Time-resolved spectroscopy and modeling of underwater laser ionization and filamentation for electrical discharge guiding

Summary form only given. Laser guiding of underwater electrical discharges is being investigated at the Naval Research Laboratory. Guided underwater discharges would be useful for advanced micromachining and pulsed power switching¹. Possible mechanisms for guiding underwater discharges include either the ionized optical filament column or a vapor column generated by optically heating a filament. Our group has demonstrated the generation of underwater optical filaments over 55 cm in length (corresponding to more than 35 Rayleigh lengths), using 532 nm, 6 ns pulses with up to 50 mJ². Such meter-scale filaments could enable techniques for guiding meter-scale underwater discharges, useful for low-frequency, remote undersea acoustic generation.
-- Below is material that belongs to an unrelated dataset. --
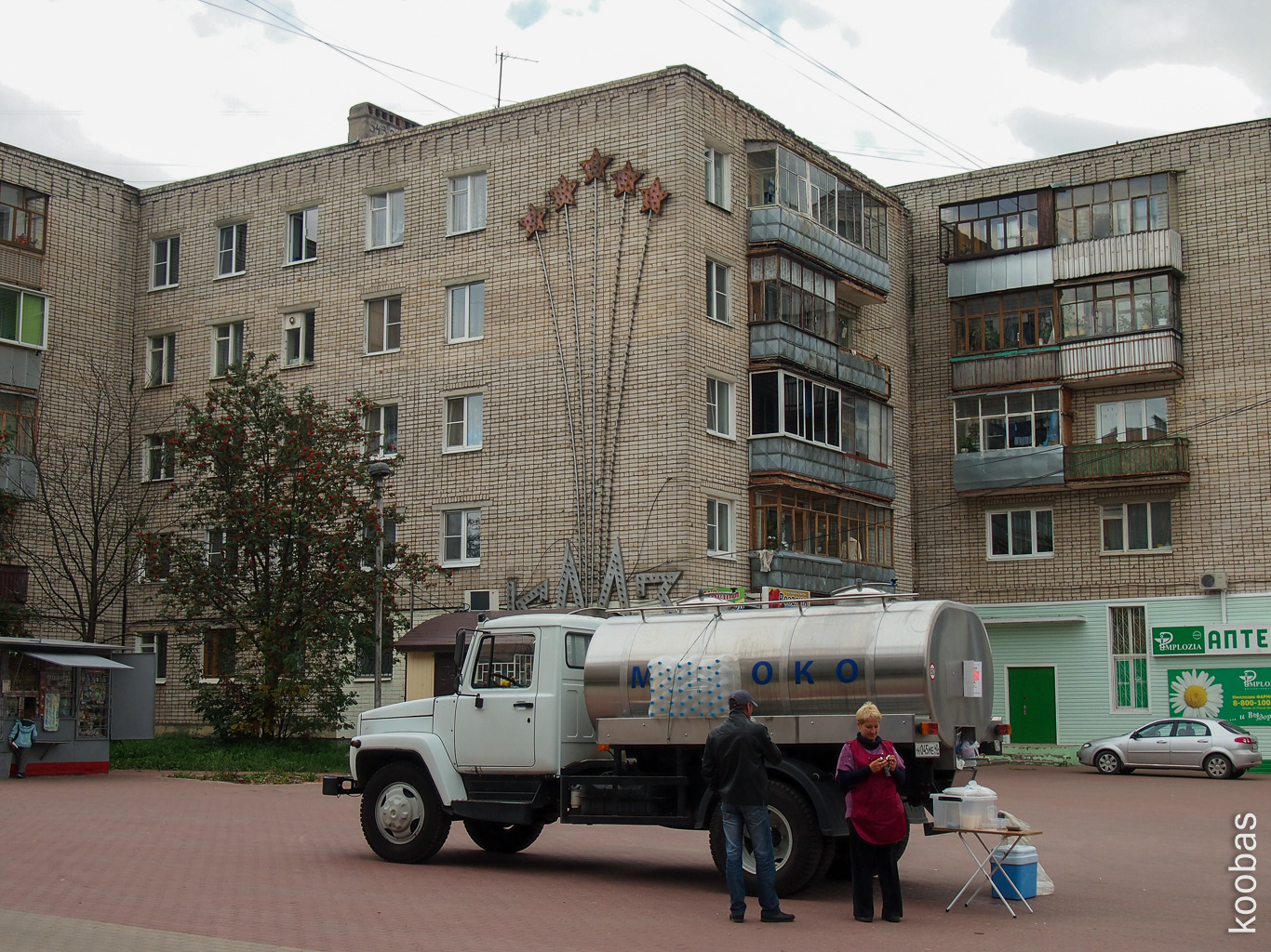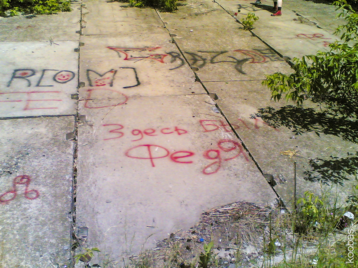 Behind on the building is an inscription I learned to read when I was 3 years old. I remember now word for word, letter for letter, to the details: "Glory to the Soviet people - the victorious people!"

Spectroscopy revealed that a significant portion of laser energy during underwater filament generation and propagation is scattered in the laser focal volume by molecular Raman interaction, but not from the filament itself. Recent simulations using the HELCAP 4D nonlinear laser propagation code accurately predicted measured filament fluence profiles, however they also indicate complex time-dependent and axially non-uniform plasma behavior. Ongoing HELCAP modeling will include improved spatial and temporal resolution, and molecular stimulated Raman scattering effects. Femtosecond time-resolution perpendicular pump-probe shadowgraph images reveal gas microbubble generation throughout the pump beam path, using ns pump pulses. Such microbubbles affect laser propagation and photoionization. Planned experiments aim to elucidate microbubble generation mechanisms, and will involve deionized water, ionic water solutions, and other liquids. In addition, time-resolved spectroscopy of underwater laser-generated plasmas reveal blackbody, molecular, and atomic emission lasting up to 100 ns after the pump pulse, far exceeding typical fs collision times in liquid water. Ongoing time-resolved spectroscopy will aim to further- characterize intense underwater laser propagation, Raman scattering, and underwater plasma dynamics. Recent and ongoing measurements and simulations of underwater optical filament generation and laser ionization will be presented.